Greece Says it Will Receive Bailout Funds, Typhoon Lashes Philippines


Greece’s finance minister, Evangelos Venizelos, has said his country will receive the next installment of bailout funds in order to avoid defaulting on its debt and further destabilizing the global financial market. Greek Prime Minister George Papandreou is in Germany for meetings with Chancellor Angela Merkel, where he told business leaders, “Your contribution can be crucial” in moving Greece — and Europe — out of its debt crisis.

The International Monetary Fund and other eurozone leaders have stipulated a series of cost-cutting measures in exchange for the bailout funds, but the austerity measures, which target public sector workers, have elicited angry street protests in recent months.

Merkel has emphasized that in the long run, stimulus packages are not the answer to Greece’s debt problem, emphasizing economic growth and budgetary considerations instead. “The idea that you need to boost growth by taking on ever greater debt is the wrong idea. I am deeply convinced of that,” she said.

On Thursday, Germany will vote on a proposal that would increase the lending ability of a eurozone fund, a measure that is expected to pass.

On Tuesday’s NewsHour, Jeffrey Brown discussed efforts to keep the nation from defaulting with freelance reporter John Psaropoulos in Athens.

Watch the full episode. See more PBS NewsHour.

At Least 16 People Dead in Philippines Typhoon

Typhoon Nesat has brought flooding, power outages, and landslides to the Philippine island of Luzon and its capital, Manila, killing at least 16 people, with the death toll expected to rise. Nesat is 400 miles across and has brought wind gusts of up to 105 miles per hour as it moves across the Philippines before moving out toward the South China Sea by late Thursday.

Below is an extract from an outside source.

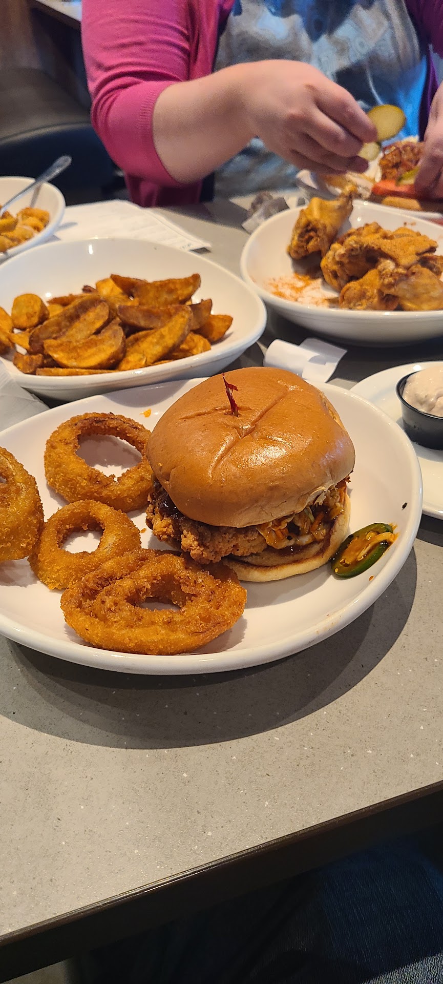 Read moreThe food is a little over priced.... However, most of the staff are kind and courteous, but there were two younger girls doing prep work in back where I could see from where I was seated, it looked like she was putting maybe potato wedges into plastic baggies like pre making them or whatever... After I had said something to my server about her not wearing gloves another young girl walked back there and started helping her do the prep work.... They each only had one glove on one hand, and was sticking their ungloved hand inside the little plastic sandwich baggies to open it therefore any bacteria, germs, hair, etc. that was on their hand went inside the bag that the food went into and they got an attitude about me saying something about it....!! For a 10 piece order of boneless wings fried with sauce on the side, an order of potato wedges with cheese, 2 Cokes, and pretzel bites plain with caramel on the side cost us $38 plus the tip.... In my eyes that is a little high for the amount of food that was ordered.... It shouldn't cost $40 to feed 2 people.... They charge like $2.65 for a soft drink we got 2 which was $5.30 which I feel is absolutely ridiculous.... I understand making money, but you shouldn't make your customers feel as though they are being ripped off.... What was it like 6.99 for what amounted to the size of 1 soft 🥨 cut in pieces.... A basket of potato wedges add shredded cheese $4, and the 10 boneless wings fried with sauce on the side were like $14..... Then they do false advertising, and tell you if you download the app and sign up you get a free starter, but they don't tell ya that you only get it if you spend $15 before tax and gratuity til after you do...

Manila has been hard hit by flooding several feet high in some places, and major government offices, hospitals, schools, hotels and the Philippine Stock Exchange were shuttered by the floodwater. Nearly 2 million people are reportedly without power.

Though the Philippines is frequently hit by typhoons, Nesat is one of the largest this year, and is expected to force at least 100,000 more people to evacuate. Nesat comes one day after the Philippines marked two years since another typhoon, Ketsana, killed 500 people.

200 Injured in Shanghai Subway Crash

At least 200 people were injured, three of them critically, when two subway trains collided in Shanghai after a signal failure. The crash occurred near a touristy area of central Shanghai Tuesday afternoon.

The crash brings further scrutiny to China’s train industry after a July high-speed rail crash killed 40 people. At the time, the accident raised criticism “that the country has moved too far, too fast with its high-speed rail,” GlobalPost Beijing correspondent Kathleen McLaughlin told the NewsHour.

16 Civilians Killed in Roadside Bomb in Western Afghanistan

Sixteen people — including 11 children — were killed when their station wagon hit a roadside bomb in Herat province in western Afghanistan, most from the same extended family, according to a local official. They were reportedly returning from an engagement party when the blast hit their vehicle.

Herat is generally considered one of the safer provinces in Afghanistan, and its capital is one of the cities handed over to the security of Afghan forces this year. But overall in Afghanistan, civilian casualties from the insurgency have been on the rise.